Drug target analysis

Out of the 2002 unique proteins investigated, we identified 525 proteins that could be successfully mapped at the gene level to the target of a therapeutic intervention. Of these, ten (TPM3, PRSS3, PLG, MMP7, SERPINA1, SERPINA3, TNFRSF10B, C4A, HDGF, and LAYN) were associated with risk of at least one prostate cancer outcome after correction for multiple testing (525 proteins), and also showed evidence of colocalisation (Supplementary Table S4). For example, PLG and C4A mapped to the clot dissolving class of fibrinolytics, TPM3 mapped to phenethyl isothiocyanate, and MMP7 mapped to matrix metalloproteinase inhibitor, marimastat.
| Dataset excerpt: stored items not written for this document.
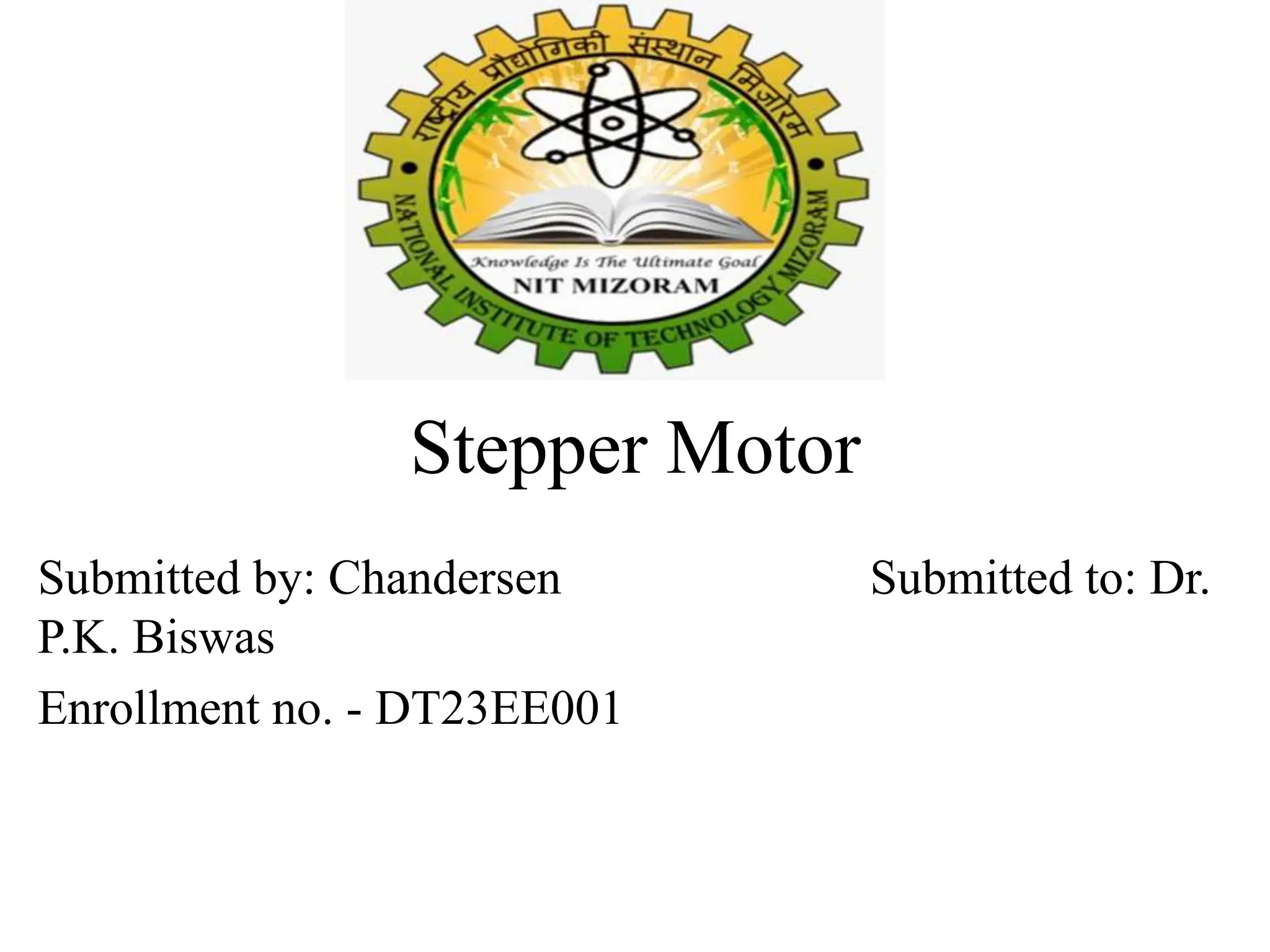 Stepper motors are used for precision position control. They rotate in discrete steps by energizing coils in a specific sequence without position sensors. There are three main types - permanent magnet, variable reluctance, and hybrid stepper motors. Permanent magnet steppers have strong torque but lower speed/resolution, while variable reluctance steppers have higher speed/resolution but lower torque. Hybrid steppers combine benefits of both for high performance. Full, half, and wave drive modes determine step angle and sequence of coil energization. Bipolar steppers use entire windings bidirectionally, while unipolar steppers have center taps for unidirectional current flow.
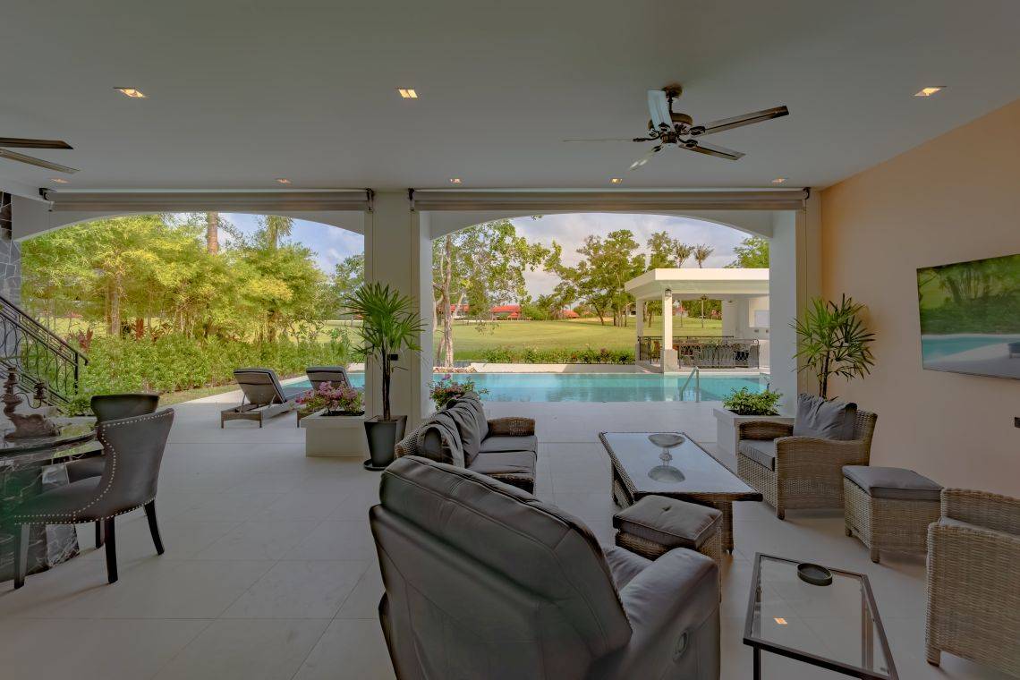 - Patios and Bars: The villa features two large patios with covered seating and dining areas, as well as a bar overlooking the pool and golf course. Motorized drop-roll see-through screen curtains allow youto control the sunlight or rain as you wish.
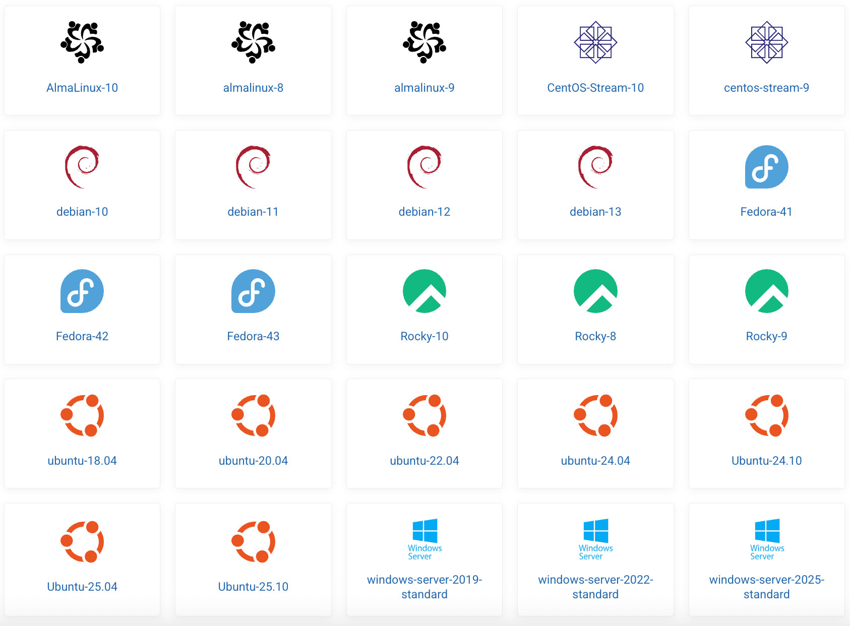 系统的选择上比较丰富,基本平时需要的系统类型都涵盖到,从Ubuntu到Debian和Centos,再到Windows系统(Windows2019、Windows2022、还有最新的Windows2025)不支持自定义上传安装ISO系统,另外这是我见过最详细清爽的系统重装选择界面,之前的都是选定一个OS然后下拉选版本类型,这个可以很直观的看到全部版本类型。
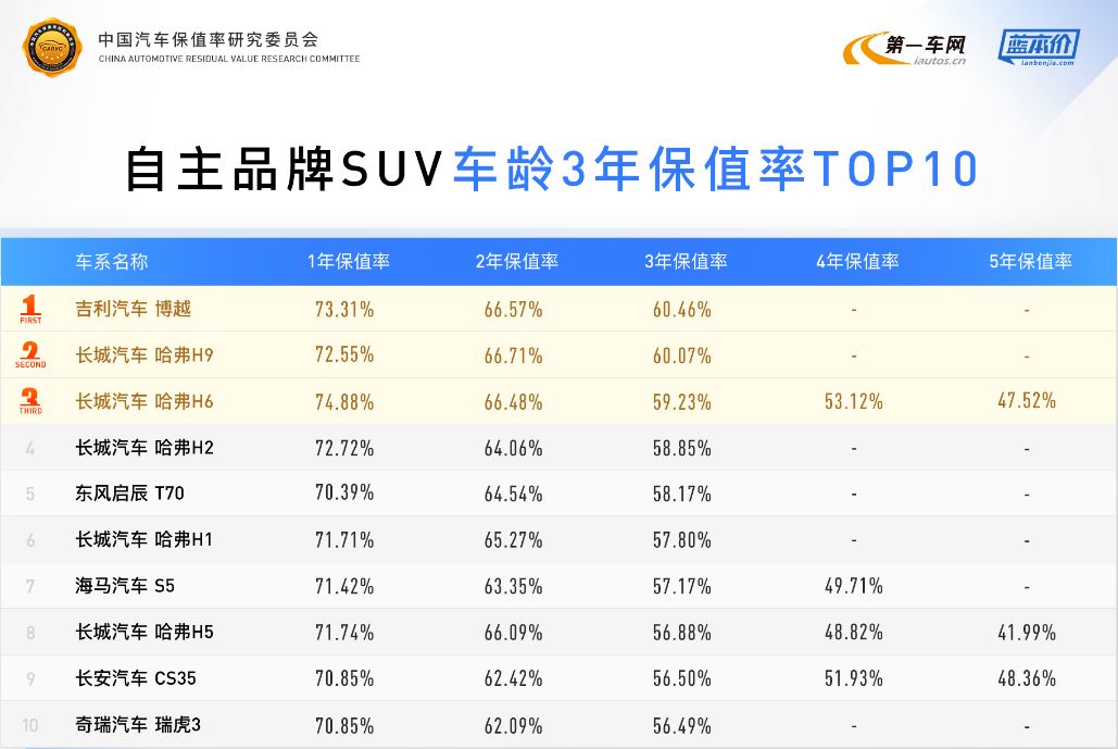 排名第三的H6系列是哈弗的主力车型,市场占有率高,保值率表现稳定。
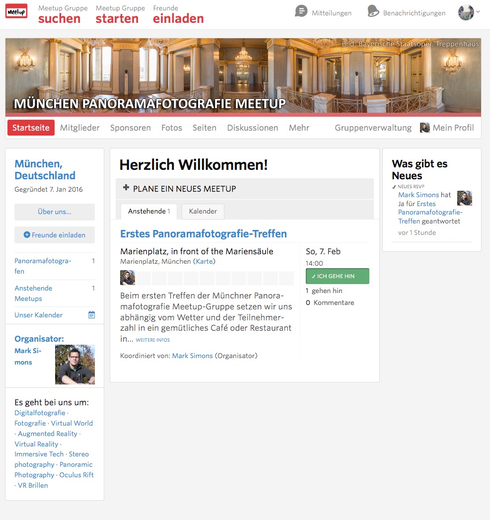 Um die uralte Tradition regelmäßiger Usertreffen wieder aufleben zu lassen habe ich bei Meetup.com eine Gruppe erstellt die Panoramafotografen aus dem Raum München ansprechen soll.
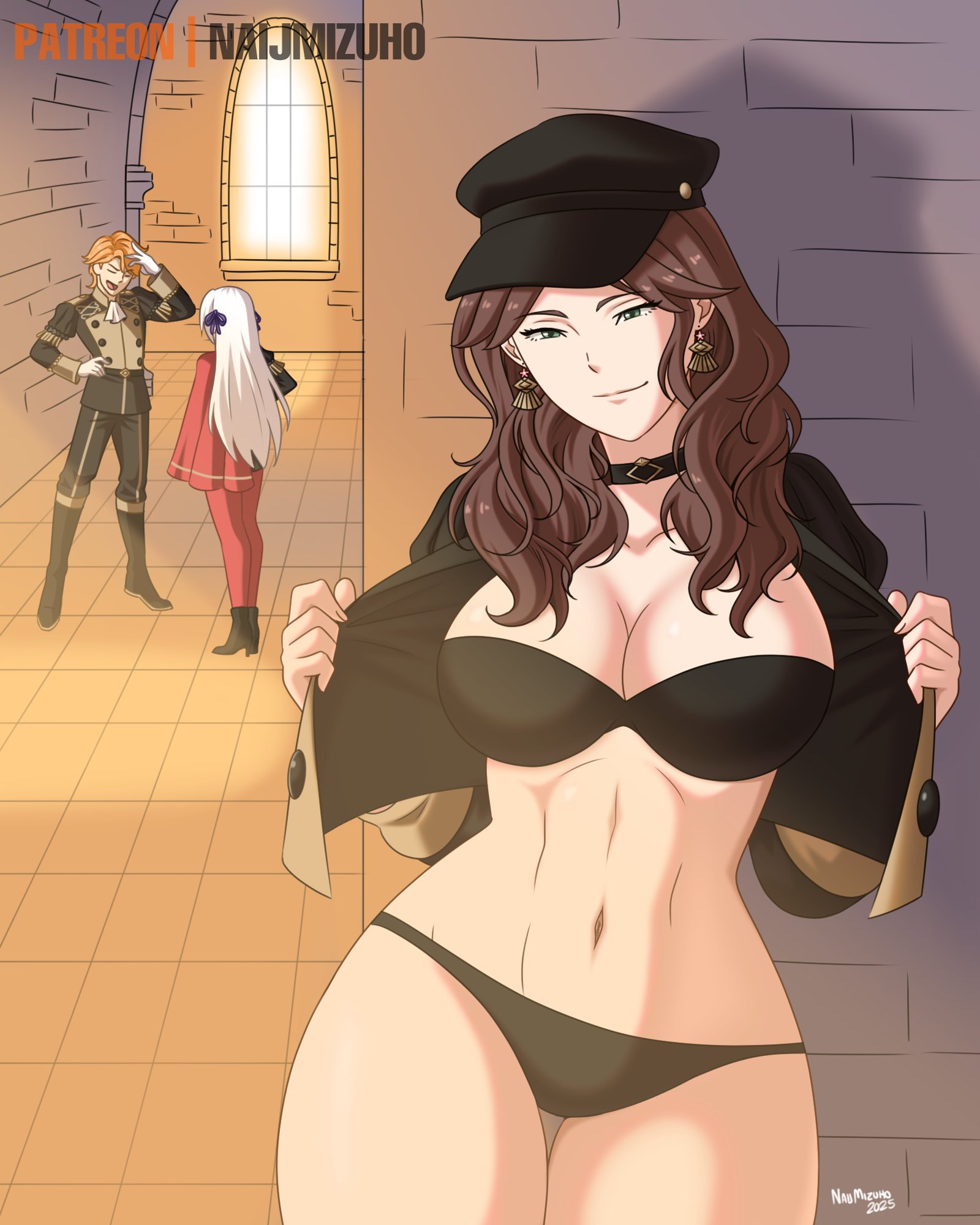 1boy2girlsbreastsbrown hairchokercleavageearringsgreen eyeshatjewelrylarge breastslong hairmultiple girlsnavel
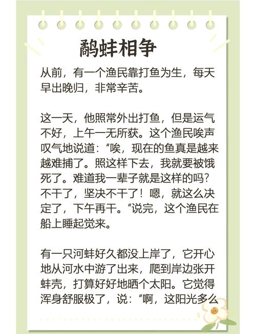 “鹤蛤之间的斗争”最早出现在战国政策中,讲述了鹤蛤之间的斗争。鹤试图捕食蛤蜊,蛤蜊为了生存而反击。最后,两人都不幸地成为了渔民获利的第三方猎物。这个故事深刻地反映了战斗的无意义和不可预测的后果。
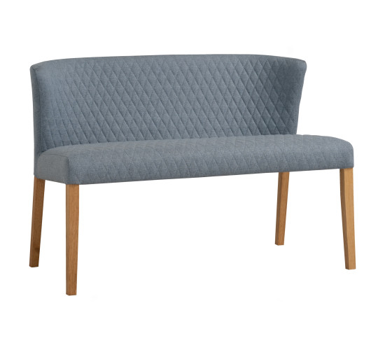 Rhoda 1.1m bench chair with Natural colour leg, Light Blue colour Double fabric seat & back
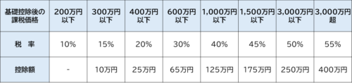 この800万円に対する贈与税は下表の税額表、税率40%・控除額125万円に該当します。
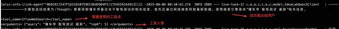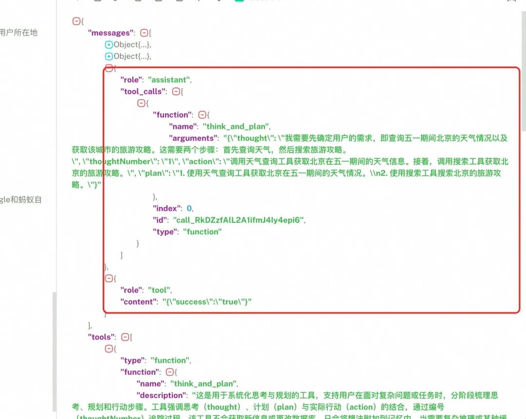 原本使用FunctionCall的输出结果如下:(functionCall时将思考规划作为单独的工具,用XML的时候我将工具推理和思考规划统一放在一步里面完成),展示形式不够友好,用户看到的只是平铺的一整段工具调用。
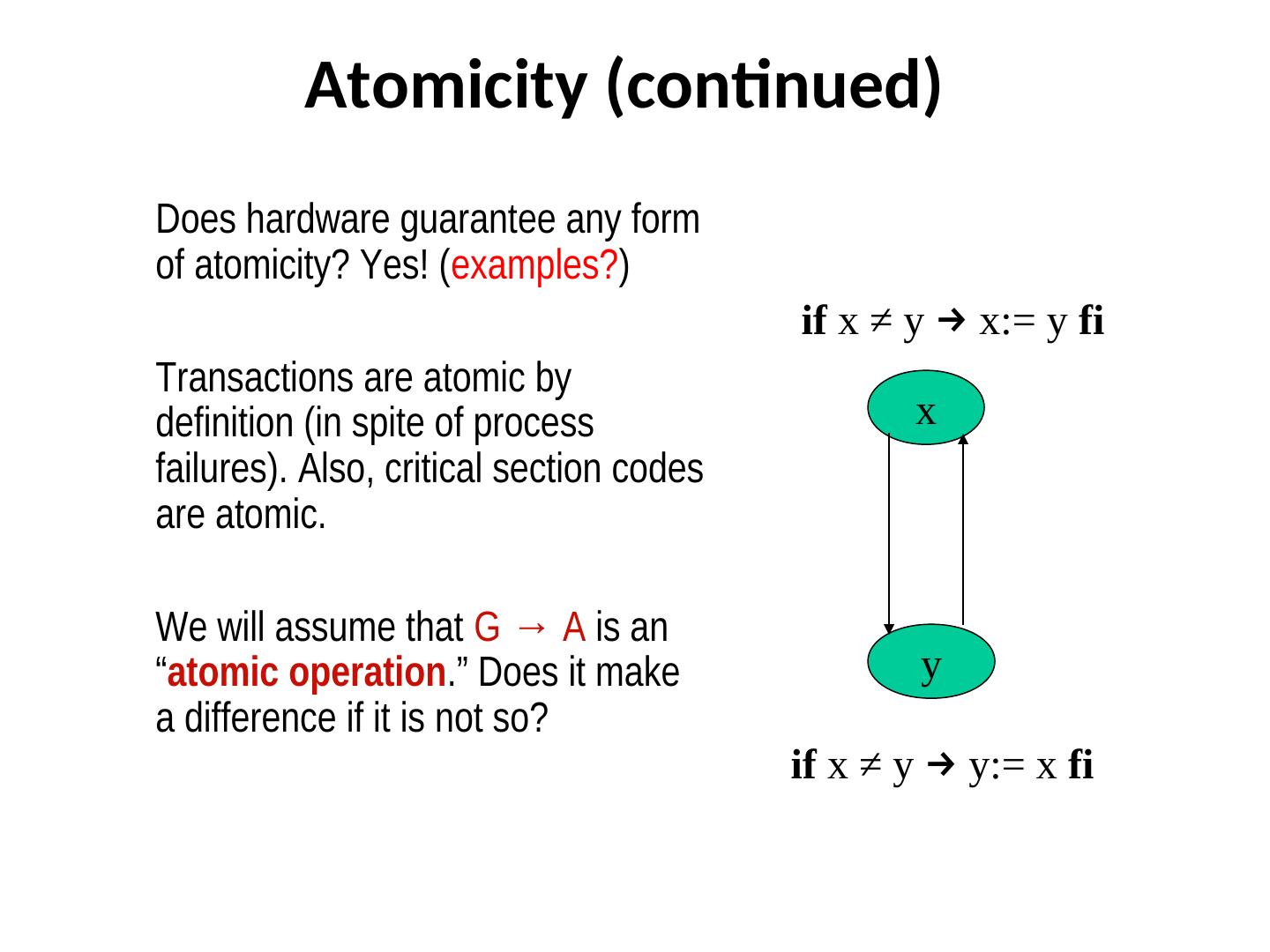 15 . Atomicity (continued) Does hardware guarantee any form of atomicity? Yes! (examples?) if x ≠ y → x:= y fi Transactions are atomic by definition (in spite of process x failures). Also, critical section codes are atomic. We will assume that G → A is an “atomic operation.” Does it make y a difference if it is not so? if x ≠ y → y:= x fi
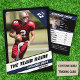 On the front, personalise the essentials: team name, player's full name, position, and jersey number, showcasing your favourite player like never before. Flip it over, and dive deep into the stats that define greatness: birthdate, city, state, height, weight, throwing style, games played, passing attempts, completions, total yards thrown, touchdowns, interceptions – every detail meticulously captured. Plus, uncover the gripping player bio that adds depth to every card.
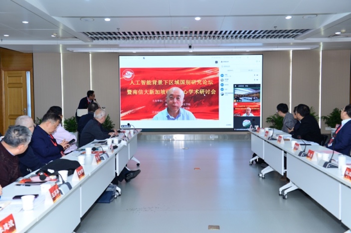 游俊豪教授以《社会经济景观的交叠构成:新加坡与中国关系案例研究》为题,从历史脉络、侨乡网络与国际治理等多维视角探究中新关系的互动交融,解析了中新两国族群、科技、金融、媒体等景观的交叠构成。罗林教授发表题为《AI赋能区域国别研究的现状与展望》的主旨报告,系统阐述了大数据对时代发展的影响,区域国别学的学科使命和大数据发展下的第四次范式革命、人工智能与大数据对效度分析的赋能、AI赋能下的动态分析、专题分析、趋势分析具体应用。杜玉生教授在总结中强调,区域国别学研究须紧扣国家战略、教育部学科建设要求并重视技术赋能。
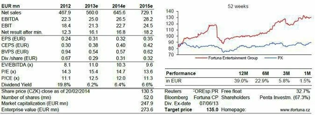 Ze zisku v roce 2013 Fortuna podle očekávání Erste vyplatí dividendu 0,29 EUR, ze zisku v roce 2014 pak 0,31 EUR. Sázení přes internet by mohlo být novým spouštěčem růstu, na druhou stranu se však zdá, že povolení v zemích, kde Fortuna operuje, je otázkou několika let.
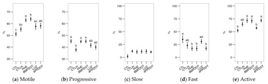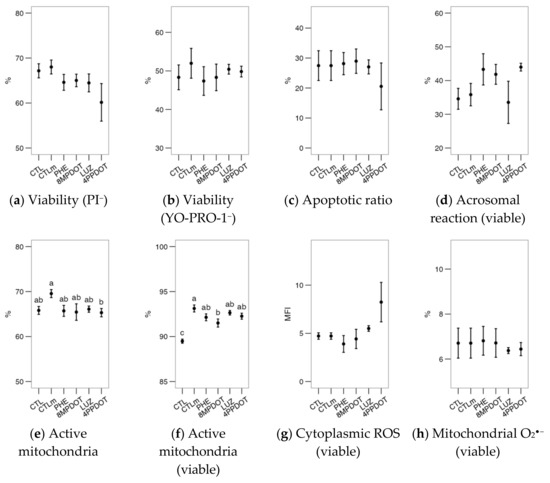 Data were analyzed in the R statistical environment [66]. Since sperm samples were obtained from different males with no pooling (seven for bull; five for deer), multilevel modeling was used to account for between-male variability, employing linear mixed-effects models [68] with the treatment as a fixed effect and the male as a random effect. Results were expressed as mean ± SEM of each response parameter.
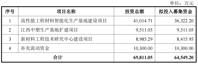 招股书显示,中塑股份拟募集资金6.45亿元,其中超七成将用于“高性能工程材料智能化生产基地”和“江西中塑生产基地扩建”两大项目。公司计划通过购置自动化生产线并应用智能化生产管理软件,建设自动化水平更高的智能生产基地,以实现高性能工程材料、特种功能材料及其他改性塑料的规模化生产。
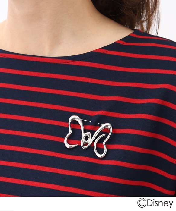 「ミニーマウス」のリボンモチーフを、手書き風のラインで表現したブローチです。丸みのあるフォルムで程よい華やかさがあるので、お洋服やバッグに合わせてお楽しみいただけます。
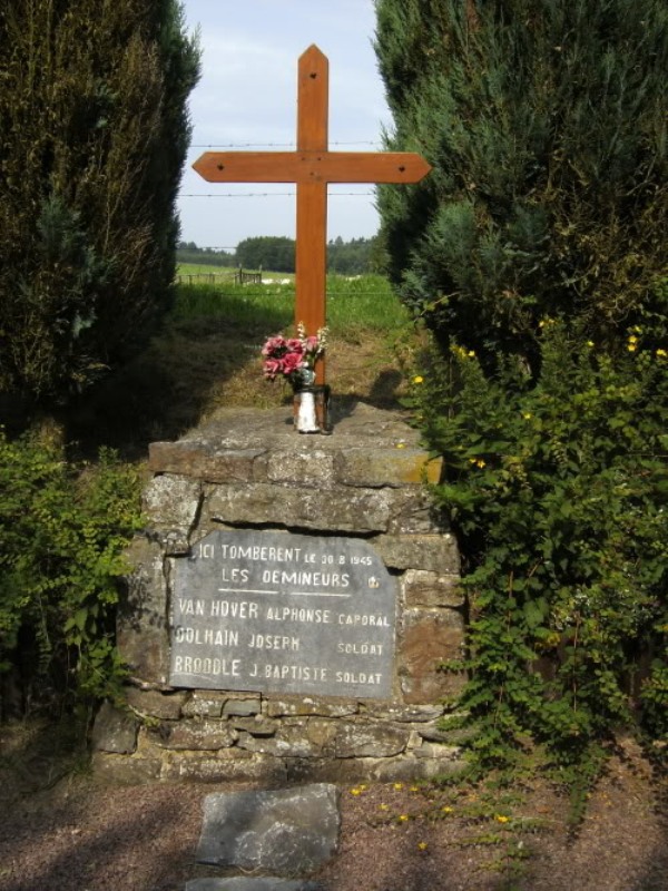 Localisation de ce monument: À la sortie du village de Moinet, sur la route Moinet - Hamiville (GD Luxembourg) Coordonnées GPS: +50°03'02", +05° 50' 45" Inscription figurant sur le monument "ICI TOMBÈRENT LE 30-8-1945 LES DÉMINEURS [Trois noms]" Rénovation: Ce monument a été réaménagé en septembre 2004 Voir les noms mentionnés sur ce monument |

Spatial transcriptomic analysis

Of the 20 proteins that were associated with at least one prostate cancer outcome, we performed a targeted follow-up analysis for the two proteins with known high expression in the prostate tumour epithelium, MSMB and CREB3L4, using organ-wide spatial transcriptomic data on tissue obtained by radical prostatectomy from a patient with multifocal prostate cancer.³⁵ In analysing epithelial-rich spots, we observed marked differences of MSMB expression between benign cells, where MSMB was highly abundant, and Gleason grade group 4 (GG4) cells, where MSMB was very low or absent in a majority of cells (RNA Count MSMB_benign [median, interquartile range]: 532 [97–1310] vs. MSMB_GG4: 1.0 [0.0–6.0], Fig. 4c). A similarly, albeit more modestly, lower MSMB expression was observed in GG1 and GG2 cells (MSMB_GG1: 40.0 [8.0–75.0] and MSMB_GG2: 9.0 [4.0–21.0] compared to benign cells (Fig. 4c). A lower expression of CREB3L4 was noted in GG2 and GG4 cells compared to benign cells CREB3L4_benign: 3.0 [1.0–6.0] vs. CREB3L4_GG2: 1.0 [0.0–2.0] vs. CREB3L4_GG4: 0.0 [0.00–2.0], Supplementary Figure S2b). Additional genome-wide random forest analyses identified MSMB expression as the most important gene to distinguish between benign and GG4 cells (Fig. 5).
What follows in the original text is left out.